=== Section Start ===
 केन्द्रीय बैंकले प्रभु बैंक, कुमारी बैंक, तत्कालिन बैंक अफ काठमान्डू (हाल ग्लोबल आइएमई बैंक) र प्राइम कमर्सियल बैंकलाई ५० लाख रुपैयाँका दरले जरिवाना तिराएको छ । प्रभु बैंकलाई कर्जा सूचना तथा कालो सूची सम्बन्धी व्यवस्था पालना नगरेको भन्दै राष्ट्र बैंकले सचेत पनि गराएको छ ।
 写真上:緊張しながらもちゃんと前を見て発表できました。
=== Section End ===
=== Section Start ===
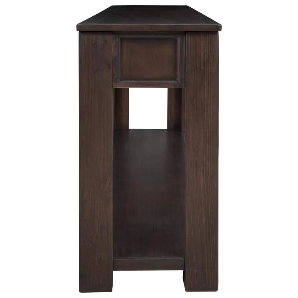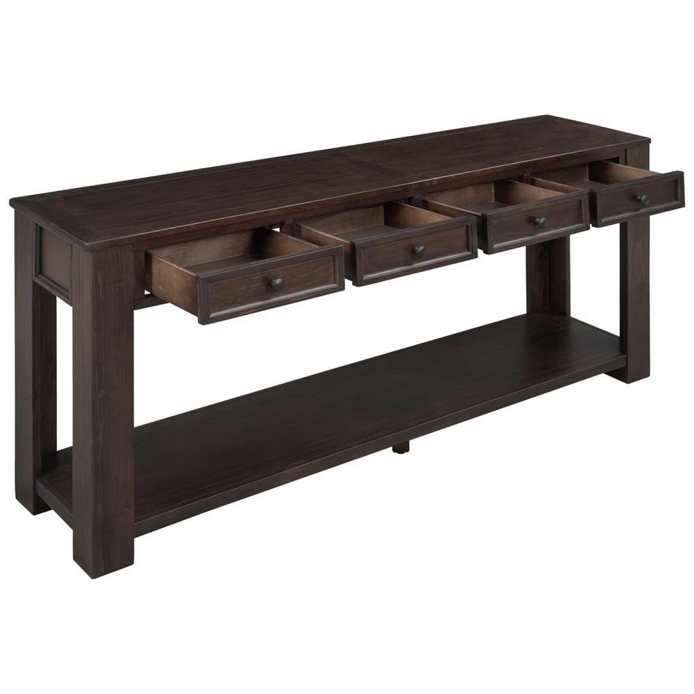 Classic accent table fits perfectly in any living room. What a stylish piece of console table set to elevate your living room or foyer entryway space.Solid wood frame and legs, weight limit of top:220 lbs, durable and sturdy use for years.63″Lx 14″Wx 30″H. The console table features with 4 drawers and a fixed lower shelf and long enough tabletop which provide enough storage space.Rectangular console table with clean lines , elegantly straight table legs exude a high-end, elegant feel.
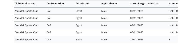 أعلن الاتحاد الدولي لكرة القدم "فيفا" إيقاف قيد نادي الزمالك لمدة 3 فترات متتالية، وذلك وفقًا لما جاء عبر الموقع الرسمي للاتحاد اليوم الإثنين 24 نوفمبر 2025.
=== Section End ===
INSTRUCTIONS FOR THE TASK →
From the entries above, extract only the lines running from the one containing "केन्द्रीय बैंकले प्रभु" through the one containing "写真上:緊張しながらもちゃんと前を見て発表できました。", inclusive.

TASK RESPONSE →
 केन्द्रीय बैंकले प्रभु बैंक, कुमारी बैंक, तत्कालिन बैंक अफ काठमान्डू (हाल ग्लोबल आइएमई बैंक) र प्राइम कमर्सियल बैंकलाई ५० लाख रुपैयाँका दरले जरिवाना तिराएको छ । प्रभु बैंकलाई कर्जा सूचना तथा कालो सूची सम्बन्धी व्यवस्था पालना नगरेको भन्दै राष्ट्र बैंकले सचेत पनि गराएको छ ।
 写真上:緊張しながらもちゃんと前を見て発表できました。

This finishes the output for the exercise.